You think you know yourself, then you go and have a baby and suddenly the person staring you in the mirror is a complete stranger. Some changes that accompanied motherhood, I expected — the lack of balance in my emotional state and overwhelming swelling of my heart, for instance. There are other personality traits, however, that have been a tad more surprising…
1. I speak for my baby as if he has adult thoughts and feelings, translating the invisible word bubble above his head for whoever is around. As if every situation he’s in is a New Yorker cartoon in need of a caption.
2. I now speak in third person ALL of the time. Even when I’m talking to my husband its, “mama needs some coffee, mama is going to pump now.” My poor son is going to be totally confused about pronouns.
3. I immediately revert to a high pitch voice whenever speaking to my baby, despite being “theoretically opposed” to baby talk. I some times make a conscious effort to speak to him in a normal tone and end up feeling like a weirdo who’s talking to herself.

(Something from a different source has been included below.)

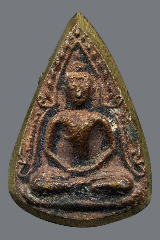 หล่อโบราณ พระพุทธชินราชใบสาเก เนื้อทองเหลือง เก่า |

4. Words now get “y’s” or “er’s” tacked on at their end. As far as my baby knows, it’s, “eggys, leggys, milkers” etc. Again, for the record, I would prefer he grow up with the kind of mother who treated him like a little adult with a sophisticated vocabulary.
5. I feel responsible for my child’s happiness in every moment. It occurred to me the other day that this obsessive instinct to protect him from feeling any emotion that is not positive probably should have worn off by now. When will this end? According to my mother: never.
6. I make up spontaneous songs, all-day-long, basically turning our life into a musical. I sing about everything I am doing and throw in things like “Roman is the best, Roman is the best,” original material like that.
7. I have become more interested in spending money on baby clothes that he will wear for three months than on my own wardrobe. Completely irrational.
8. I obsessively search and pin nursery decor even though we live in a one bedroom apartment. Still nesting?
9. I spend approximately 10% of the time in conversations with my husband talking about our son’s poop, and 30% coming up with theories about what could be causing his crankiness or crying at any given moment… or why he is still waking up every 2-3 hours at night. “Maybe he’s finally teething” “Or maybe its gas, what did he eat today?” “Has he pooped? Maybe he’s constipated,” “I think he’s over tired,” “Maybe he’s just frustrated that he can’t walk yet.”
10. I want to be with him every moment of the day. I am a stay at home mom who co-sleeps and stresses about leaving him with a babysitter for a few hours on rare occasions. This is not the “bringing up bebe” type of mother I expected to be. This is what I call being an “accidental attachment parent.” Am I the only one who barely recognizes myself?